Introduction/Background*Urine may offer an alternative sample type for gynecologic cancer detection1, which is easily accessible and allows self-sampling at home. DNA methylation is an emerging biomarker for early cancer detection, and the feasibility of endometrial cancer detection in urine using DNA methylation analysis has recently been reported2. This study aimed to determine the performance of DNA methylation analysis in urine for endometrial cancer detection, and to make a comparison to paired cervicovaginal self-samples and cervical scrapes.

Methodology From 110 women diagnosed with endometrial cancer, paired urine samples, cervicovaginal self-samples and cervical scrapes were collected as well as samples from age-matched healthy female controls. All samples were tested for six DNA methylation markers. Differences in DNA methylation levels between patients and controls were compared using the non-parametric Mann-Whitney U-test, and the performance was quantified by the area under the receiver operating characteristic (ROC) curve (AUCs) and logistic regression. Correlation of DNA methylation markers within paired sample types was determined using the Spearman correlation coefficients.

Result(s)*In urine, self-samples and cervical scrapes, all six DNA methylation markers showed increased methylation levels in patients as compared to controls.

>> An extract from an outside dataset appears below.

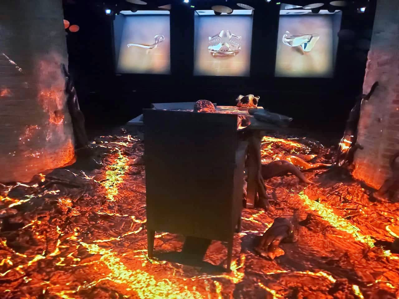 After presenting our tickets, we were welcomed into the “Gaudí Dome,” home to a pre-show experience entitled “Inspiration of Gaudí: The Origin of Genius.” Passing through a doorway onto a moving walkway, we slowly glided past a cast figure of a boy Gaudí drawing at a desk. Suddenly, the music strengthened, and lava seemed to billow from the floor. As a sickly child, nature was often the artist’s only companion, and the one thousand Panasonic screens above and around us illuminated with the colors and images of air, water, fire and earth that would stimulate Gaudí’s lifelong portfolio of work, including the rooms we were about to see.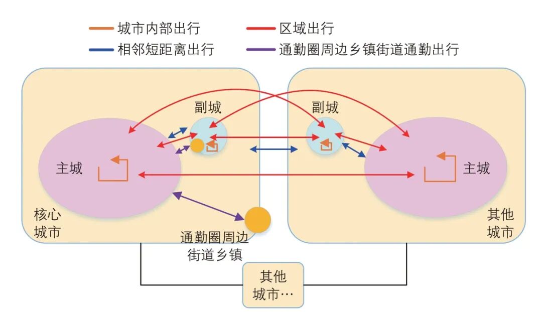 本文所界定的区域出行,主要指区别于城市内部出行的跨城出行。在都市圈范围内,该界定不包含进出都市圈的出入境出行及跨都市圈的过境出行。此外,虽然通勤圈周边乡镇街道的通勤出行以及相邻区域的短距离出行也跨越了行政区边界,但由于其属于日常出行范畴,性质上仍等同于城市内部出行,因此也不在本文的界定范围。都市圈区域出行界定示意见图1。

Analyses amongst the paired sample types showed a good correlation between the test results of the DNA methylation markers.

Conclusion*This study demonstrates that testing for DNA methylation markers in urine may provide an easy and accurate alternative method for the detection of endometrial cancer. Potential applications of this diagnostic approach include the screening of asymptomatic women, triaging women with (postmenopausal) bleeding symptoms, and monitoring women with increased endometrial cancer risk.